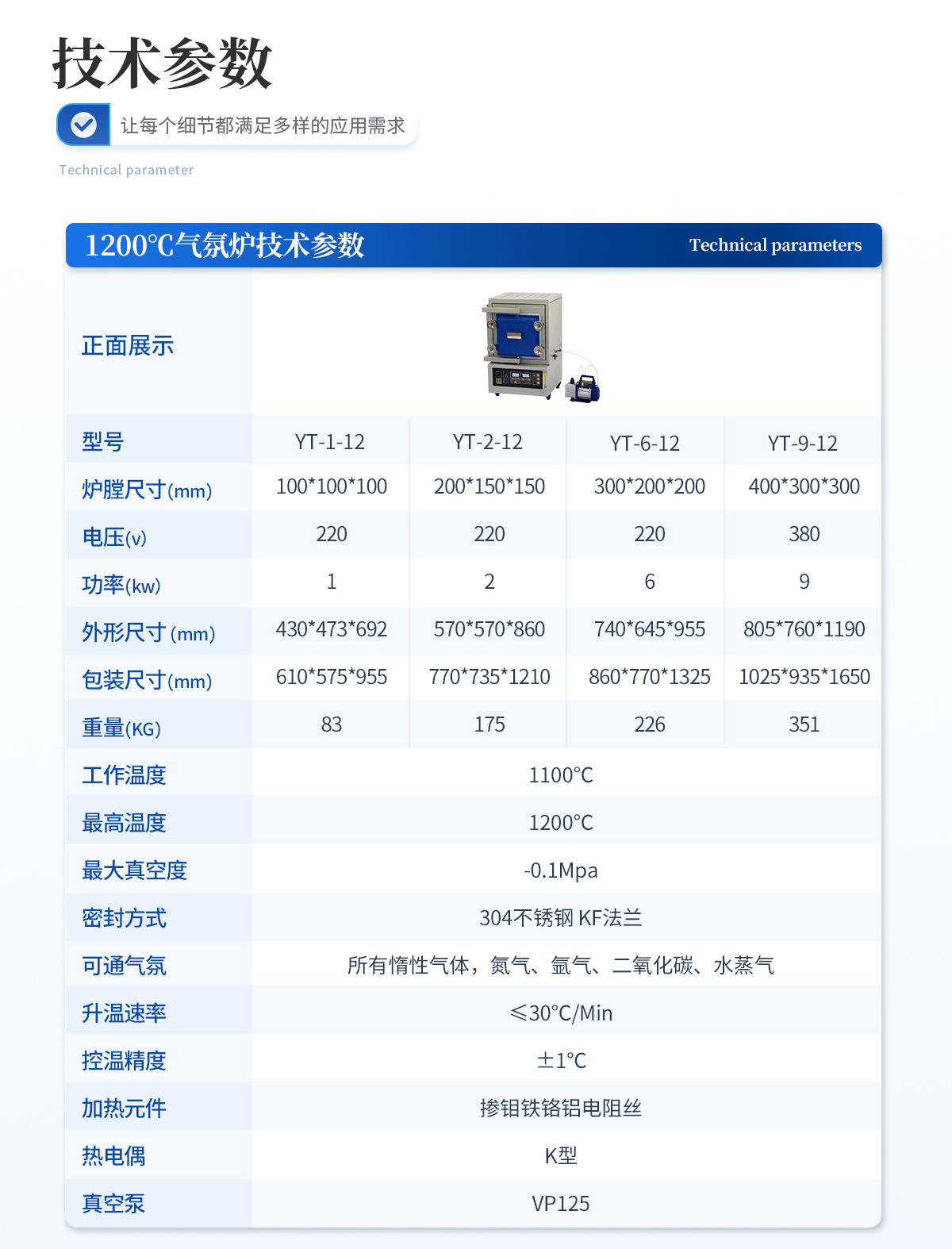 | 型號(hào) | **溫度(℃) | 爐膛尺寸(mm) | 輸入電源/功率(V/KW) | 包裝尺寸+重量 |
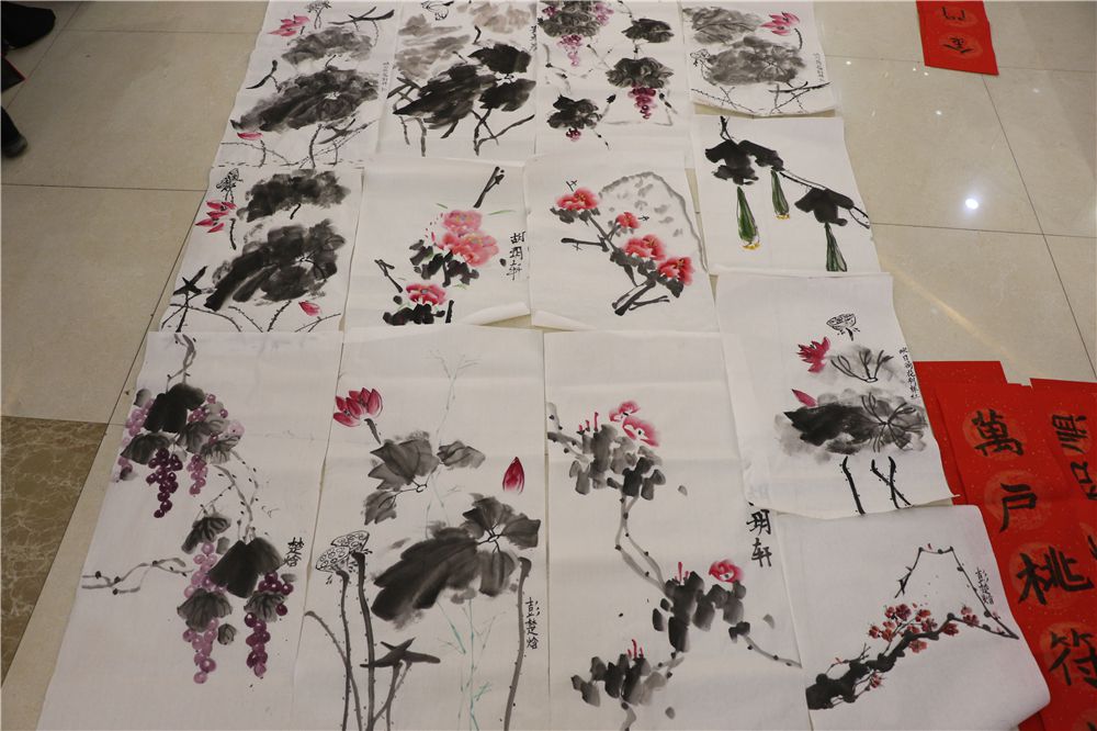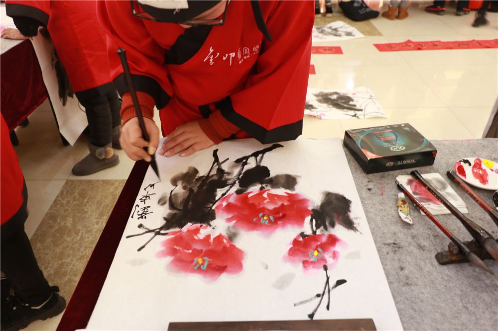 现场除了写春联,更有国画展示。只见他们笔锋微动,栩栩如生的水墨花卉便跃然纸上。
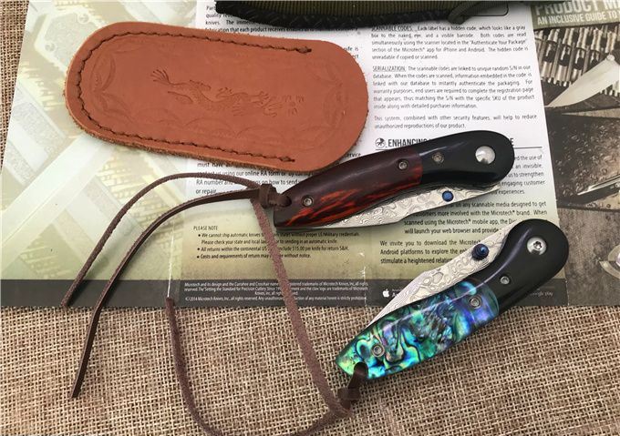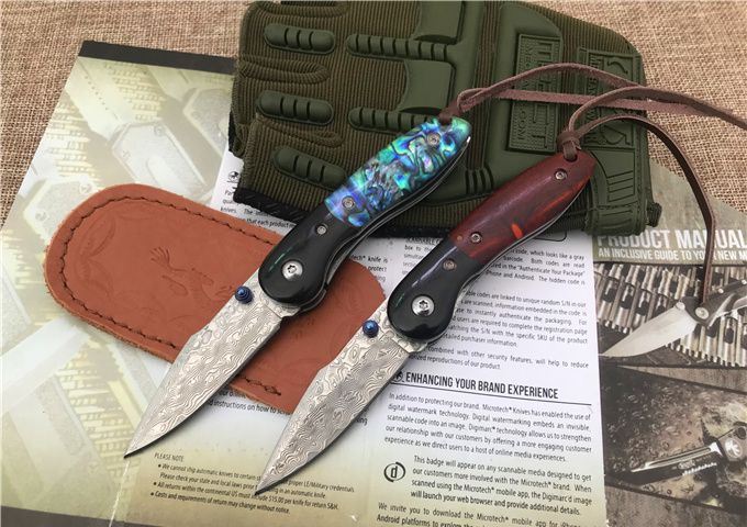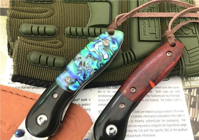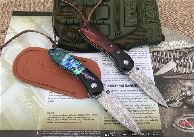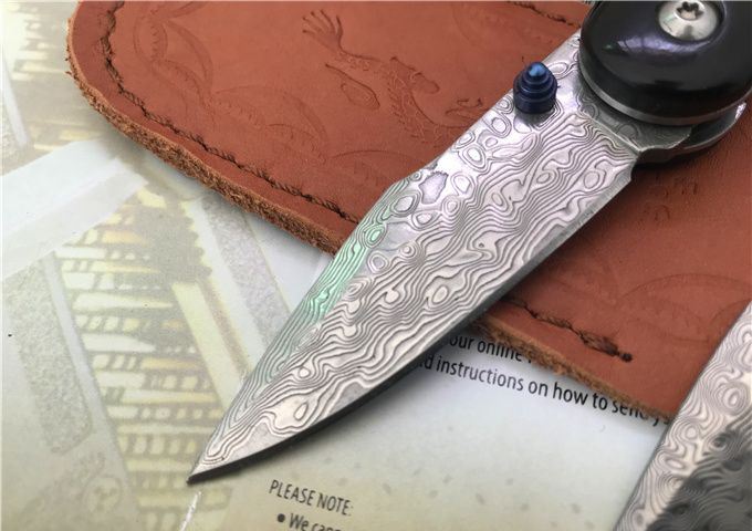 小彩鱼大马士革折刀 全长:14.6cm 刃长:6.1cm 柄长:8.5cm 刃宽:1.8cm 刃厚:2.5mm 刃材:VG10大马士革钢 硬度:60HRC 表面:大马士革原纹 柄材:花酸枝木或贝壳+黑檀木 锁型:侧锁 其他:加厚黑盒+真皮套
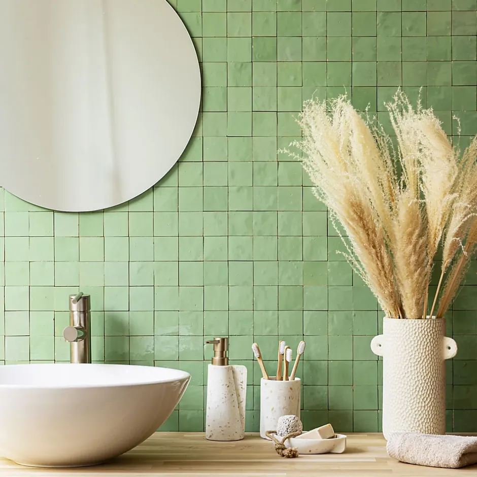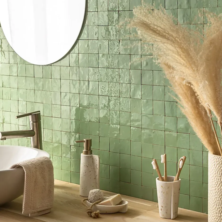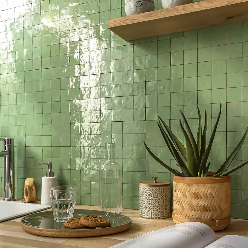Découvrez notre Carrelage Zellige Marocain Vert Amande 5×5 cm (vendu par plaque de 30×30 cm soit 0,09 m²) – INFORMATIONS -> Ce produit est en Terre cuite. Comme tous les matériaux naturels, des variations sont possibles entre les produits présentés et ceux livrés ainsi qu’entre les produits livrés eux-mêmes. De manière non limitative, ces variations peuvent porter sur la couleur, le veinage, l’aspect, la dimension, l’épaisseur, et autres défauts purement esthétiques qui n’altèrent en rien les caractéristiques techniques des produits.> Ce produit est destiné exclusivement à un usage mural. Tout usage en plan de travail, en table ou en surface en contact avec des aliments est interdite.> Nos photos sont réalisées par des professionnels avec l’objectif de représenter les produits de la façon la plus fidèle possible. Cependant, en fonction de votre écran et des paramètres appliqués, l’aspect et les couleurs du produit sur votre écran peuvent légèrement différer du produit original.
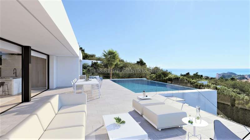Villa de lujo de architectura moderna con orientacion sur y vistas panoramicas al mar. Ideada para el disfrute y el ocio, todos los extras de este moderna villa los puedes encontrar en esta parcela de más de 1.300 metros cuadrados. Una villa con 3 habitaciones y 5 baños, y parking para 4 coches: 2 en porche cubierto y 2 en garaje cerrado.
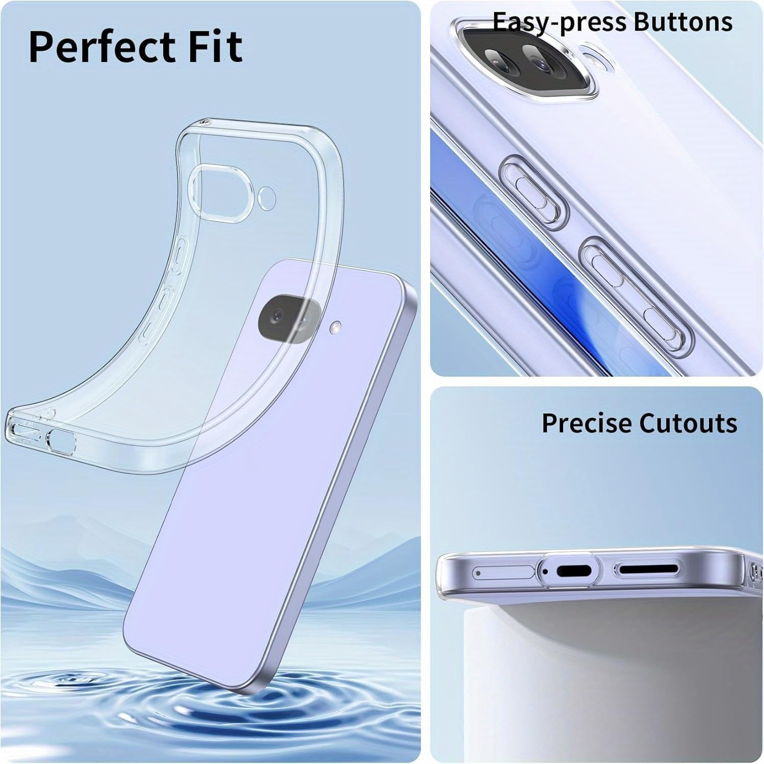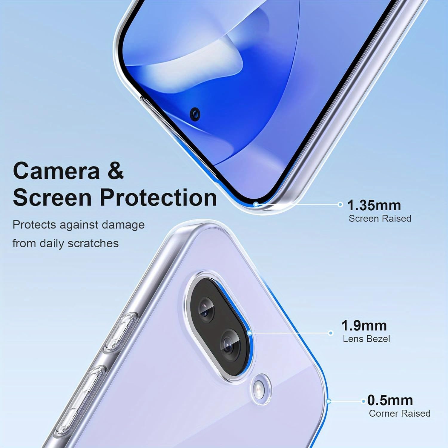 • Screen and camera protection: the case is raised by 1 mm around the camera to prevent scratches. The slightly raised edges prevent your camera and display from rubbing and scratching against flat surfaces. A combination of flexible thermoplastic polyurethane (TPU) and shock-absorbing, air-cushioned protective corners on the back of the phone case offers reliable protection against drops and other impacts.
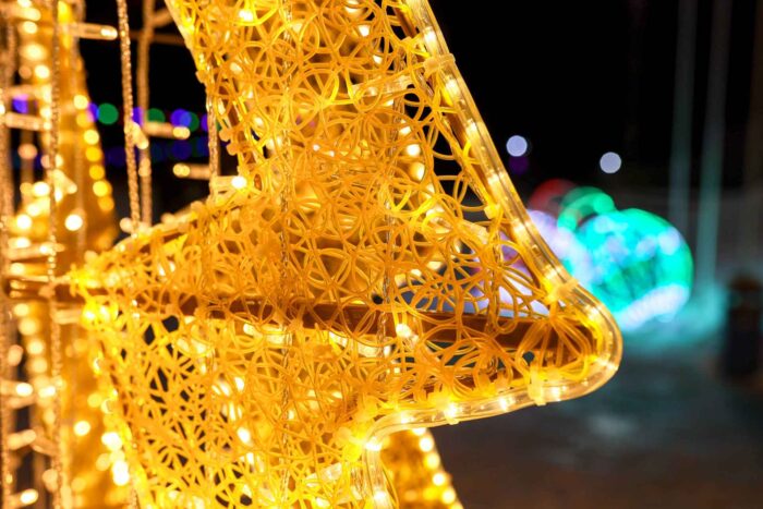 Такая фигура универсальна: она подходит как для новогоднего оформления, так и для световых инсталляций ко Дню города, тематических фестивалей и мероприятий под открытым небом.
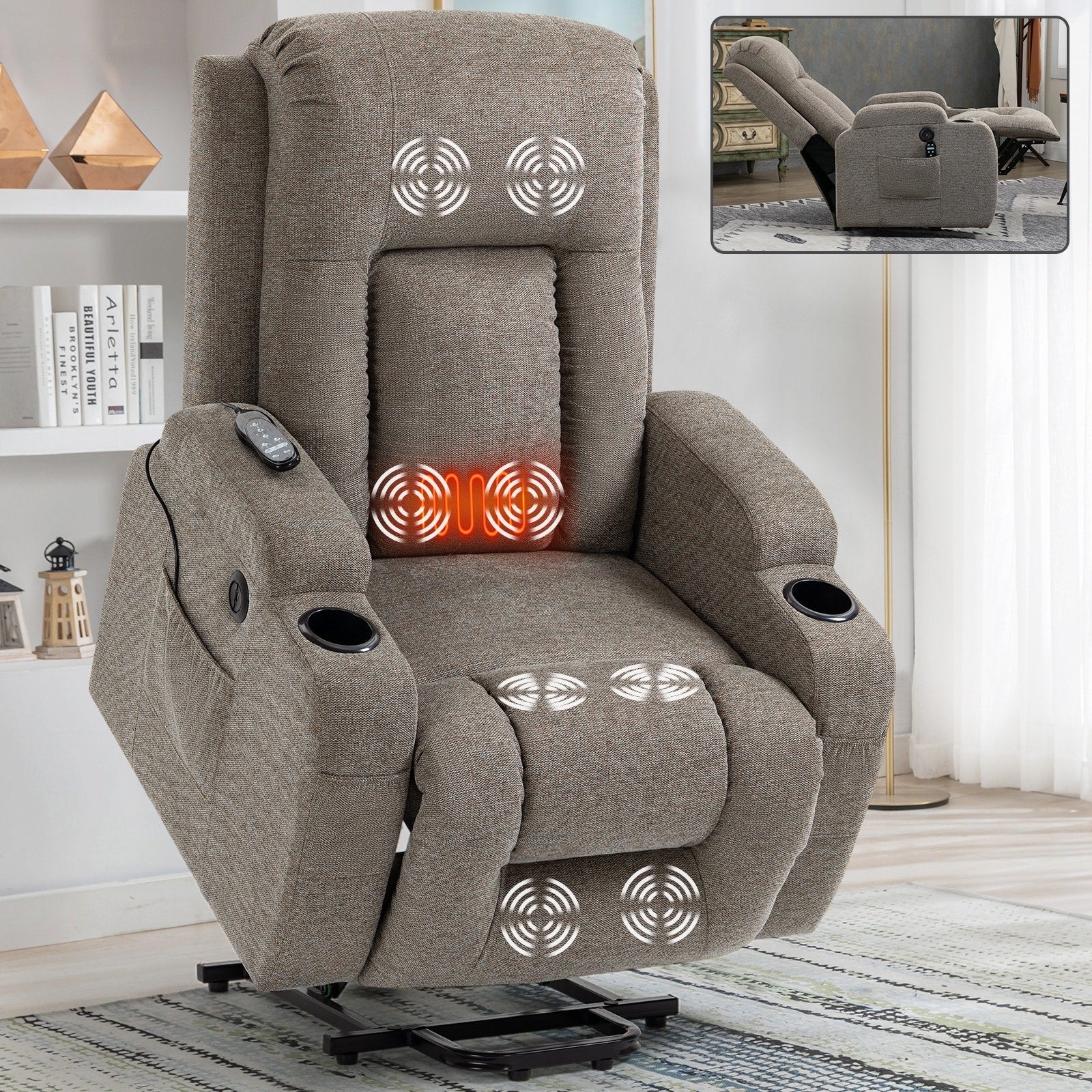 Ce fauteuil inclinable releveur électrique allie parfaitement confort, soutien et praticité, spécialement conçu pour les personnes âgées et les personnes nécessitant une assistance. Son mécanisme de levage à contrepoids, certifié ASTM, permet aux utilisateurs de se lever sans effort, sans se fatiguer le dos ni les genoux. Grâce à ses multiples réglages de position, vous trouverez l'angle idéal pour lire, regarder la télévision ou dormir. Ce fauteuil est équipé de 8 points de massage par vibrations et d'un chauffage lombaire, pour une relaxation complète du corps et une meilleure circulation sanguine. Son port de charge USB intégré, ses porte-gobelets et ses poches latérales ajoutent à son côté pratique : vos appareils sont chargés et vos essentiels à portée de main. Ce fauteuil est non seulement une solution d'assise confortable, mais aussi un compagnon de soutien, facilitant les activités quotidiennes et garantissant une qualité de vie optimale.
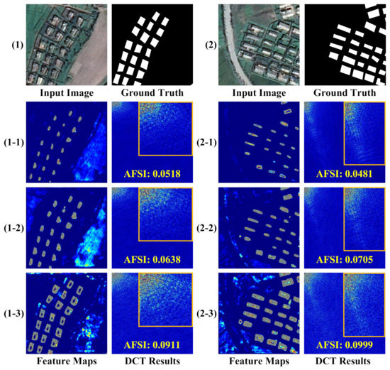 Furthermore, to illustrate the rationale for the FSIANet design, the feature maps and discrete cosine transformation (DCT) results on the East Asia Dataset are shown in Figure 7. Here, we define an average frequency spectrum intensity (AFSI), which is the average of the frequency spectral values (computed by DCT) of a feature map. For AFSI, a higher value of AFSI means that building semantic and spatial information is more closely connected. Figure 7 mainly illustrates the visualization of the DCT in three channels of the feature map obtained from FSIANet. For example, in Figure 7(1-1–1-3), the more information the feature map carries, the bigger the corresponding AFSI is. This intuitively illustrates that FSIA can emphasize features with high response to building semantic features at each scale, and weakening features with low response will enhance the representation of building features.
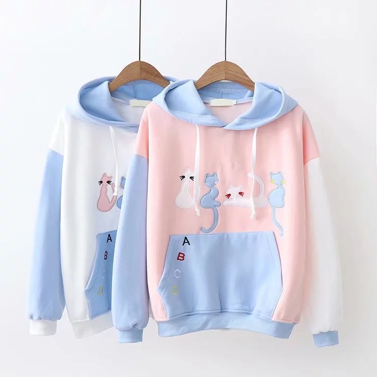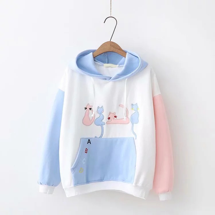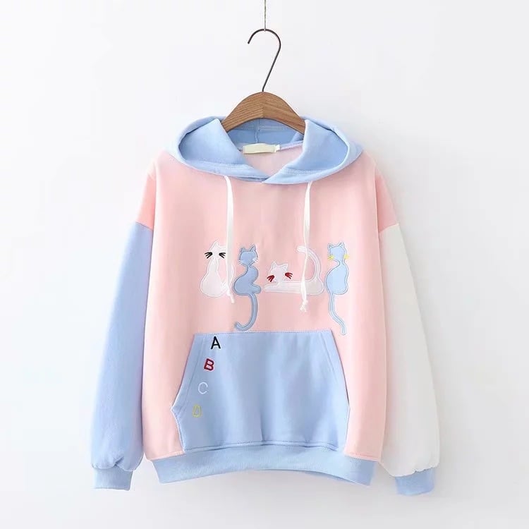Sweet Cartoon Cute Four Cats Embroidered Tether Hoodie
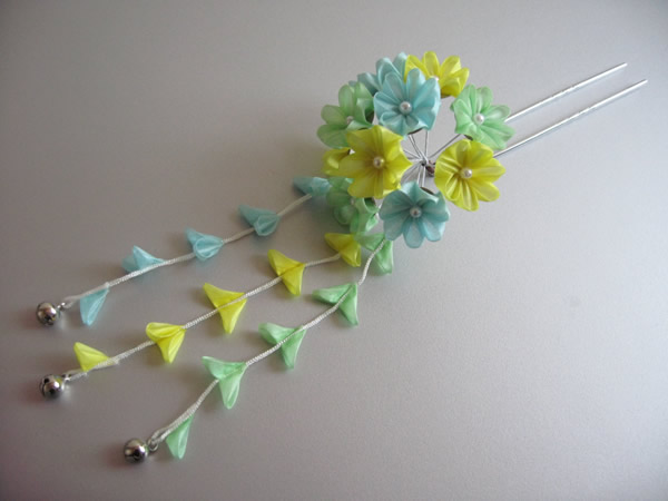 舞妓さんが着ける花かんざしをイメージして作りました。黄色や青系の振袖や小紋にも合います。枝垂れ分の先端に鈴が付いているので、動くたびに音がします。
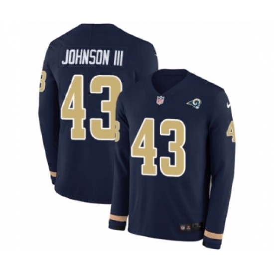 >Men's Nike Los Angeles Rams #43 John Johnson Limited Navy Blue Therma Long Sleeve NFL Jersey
+++
**Work task:** In the records above, find the line with "现场除了写春联,更有国画展示。只见他们笔锋微动,栩栩如生的水墨花卉便跃然纸上。". Print exactly from there through the line with "小彩鱼大马士革折刀 全长:14.6cm 刃长:6.1cm", minus the pictures.

**Exercise answer:**
 现场除了写春联,更有国画展示。只见他们笔锋微动,栩栩如生的水墨花卉便跃然纸上。
 小彩鱼大马士革折刀 全长:14.6cm 刃长:6.1cm 柄长:8.5cm 刃宽:1.8cm 刃厚:2.5mm 刃材:VG10大马士革钢 硬度:60HRC 表面:大马士革原纹 柄材:花酸枝木或贝壳+黑檀木 锁型:侧锁 其他:加厚黑盒+真皮套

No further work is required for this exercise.